● Collected data
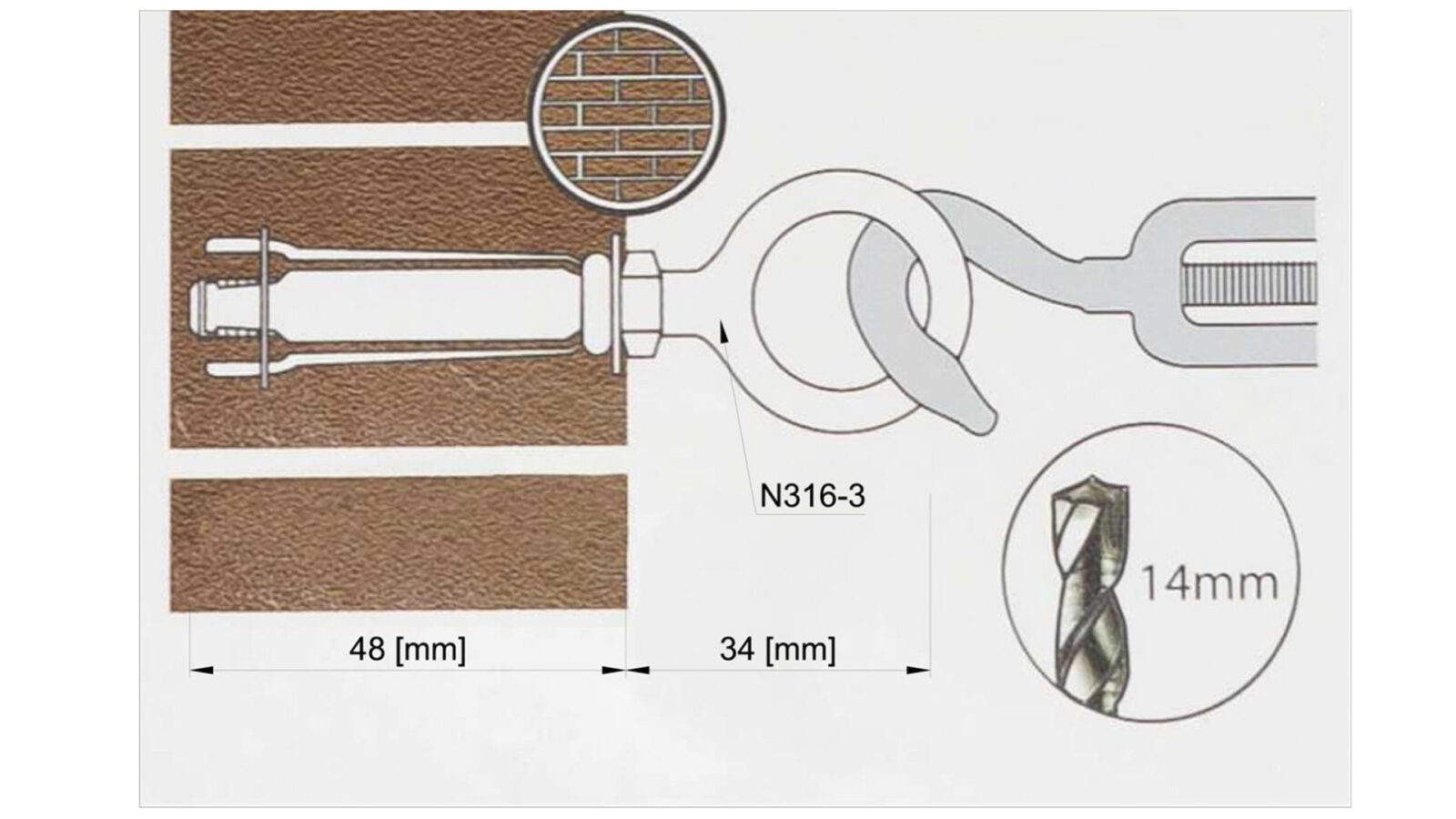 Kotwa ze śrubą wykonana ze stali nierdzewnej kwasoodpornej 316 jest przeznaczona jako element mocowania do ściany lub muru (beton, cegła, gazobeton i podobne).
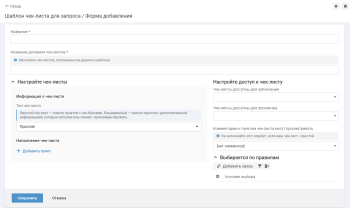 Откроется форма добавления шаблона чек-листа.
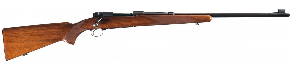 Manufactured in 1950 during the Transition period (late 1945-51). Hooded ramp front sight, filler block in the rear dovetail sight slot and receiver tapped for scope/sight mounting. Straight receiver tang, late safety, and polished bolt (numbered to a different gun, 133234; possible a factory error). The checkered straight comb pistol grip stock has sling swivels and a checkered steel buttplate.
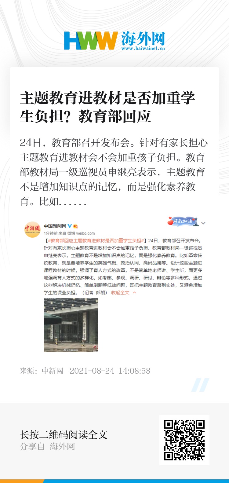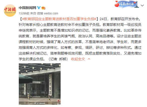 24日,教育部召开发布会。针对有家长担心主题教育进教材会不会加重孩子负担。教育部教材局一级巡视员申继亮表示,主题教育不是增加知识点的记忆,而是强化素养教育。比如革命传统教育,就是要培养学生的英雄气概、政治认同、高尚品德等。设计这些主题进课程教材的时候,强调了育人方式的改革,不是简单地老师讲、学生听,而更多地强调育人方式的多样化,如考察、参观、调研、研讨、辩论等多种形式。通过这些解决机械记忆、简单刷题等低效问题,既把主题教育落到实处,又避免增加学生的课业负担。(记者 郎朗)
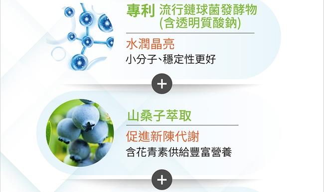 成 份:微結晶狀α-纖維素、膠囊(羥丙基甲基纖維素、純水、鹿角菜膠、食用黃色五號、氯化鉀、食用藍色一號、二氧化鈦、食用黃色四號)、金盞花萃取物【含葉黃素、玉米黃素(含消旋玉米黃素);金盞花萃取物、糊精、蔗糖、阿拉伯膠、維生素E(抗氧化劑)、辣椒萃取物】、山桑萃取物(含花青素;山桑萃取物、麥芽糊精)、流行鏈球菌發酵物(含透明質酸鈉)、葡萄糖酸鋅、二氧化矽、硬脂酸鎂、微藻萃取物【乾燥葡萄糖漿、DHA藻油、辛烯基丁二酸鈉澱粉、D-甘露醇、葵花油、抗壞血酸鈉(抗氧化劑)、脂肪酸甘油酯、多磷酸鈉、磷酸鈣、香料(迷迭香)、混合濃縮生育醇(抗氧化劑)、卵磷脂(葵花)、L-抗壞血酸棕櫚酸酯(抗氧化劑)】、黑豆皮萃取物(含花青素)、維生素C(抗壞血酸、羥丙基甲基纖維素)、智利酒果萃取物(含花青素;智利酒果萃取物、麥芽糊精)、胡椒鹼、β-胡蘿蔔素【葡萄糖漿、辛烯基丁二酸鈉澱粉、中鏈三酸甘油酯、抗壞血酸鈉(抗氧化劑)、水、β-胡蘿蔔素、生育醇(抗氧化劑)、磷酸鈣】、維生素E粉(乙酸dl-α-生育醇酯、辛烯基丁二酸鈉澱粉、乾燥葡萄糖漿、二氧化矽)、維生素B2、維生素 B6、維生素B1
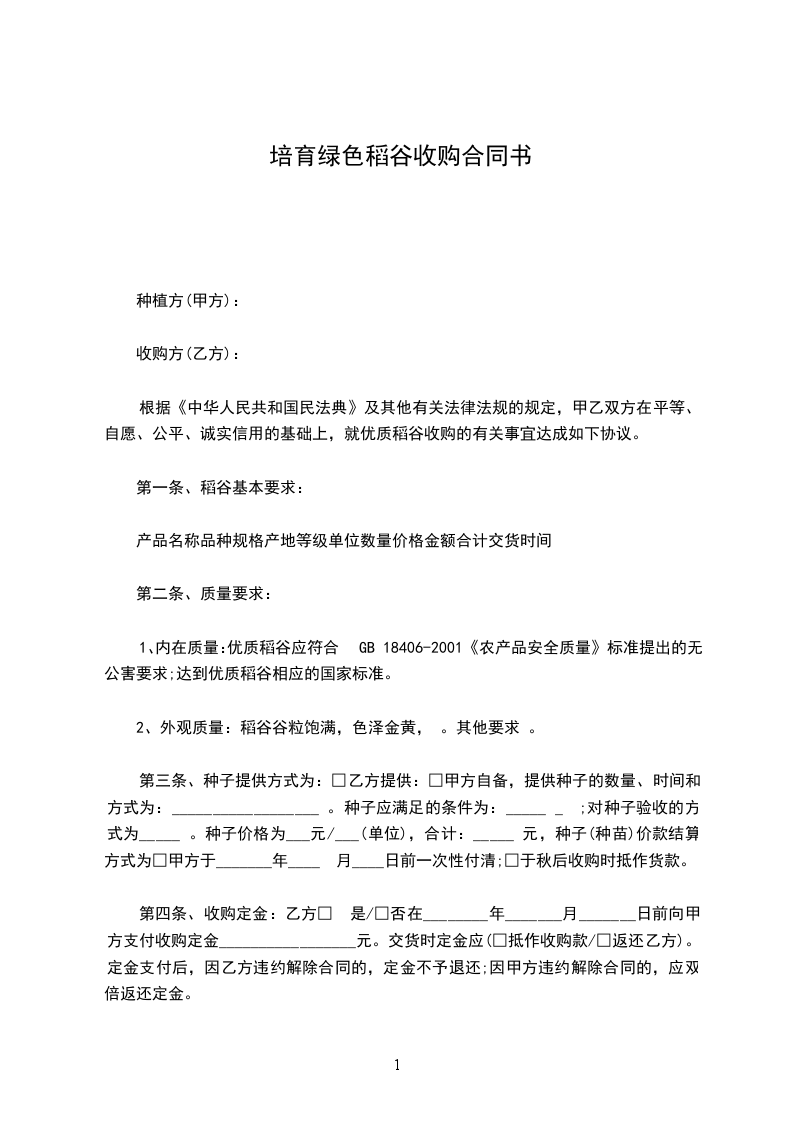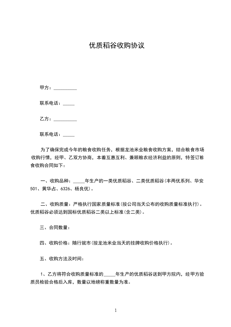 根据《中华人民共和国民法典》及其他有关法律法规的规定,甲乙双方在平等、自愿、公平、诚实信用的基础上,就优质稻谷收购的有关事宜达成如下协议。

● Your assignment
Lines wanted from the entries above: the one with "Откроется форма добавления", the one with "Manufactured in 1950", and all lines between. Please copy them exactly, without the pictures and without anything else.

● Solution to the problem
 Откроется форма добавления шаблона чек-листа.
 Manufactured in 1950 during the Transition period (late 1945-51). Hooded ramp front sight, filler block in the rear dovetail sight slot and receiver tapped for scope/sight mounting. Straight receiver tang, late safety, and polished bolt (numbered to a different gun, 133234; possible a factory error). The checkered straight comb pistol grip stock has sling swivels and a checkered steel buttplate.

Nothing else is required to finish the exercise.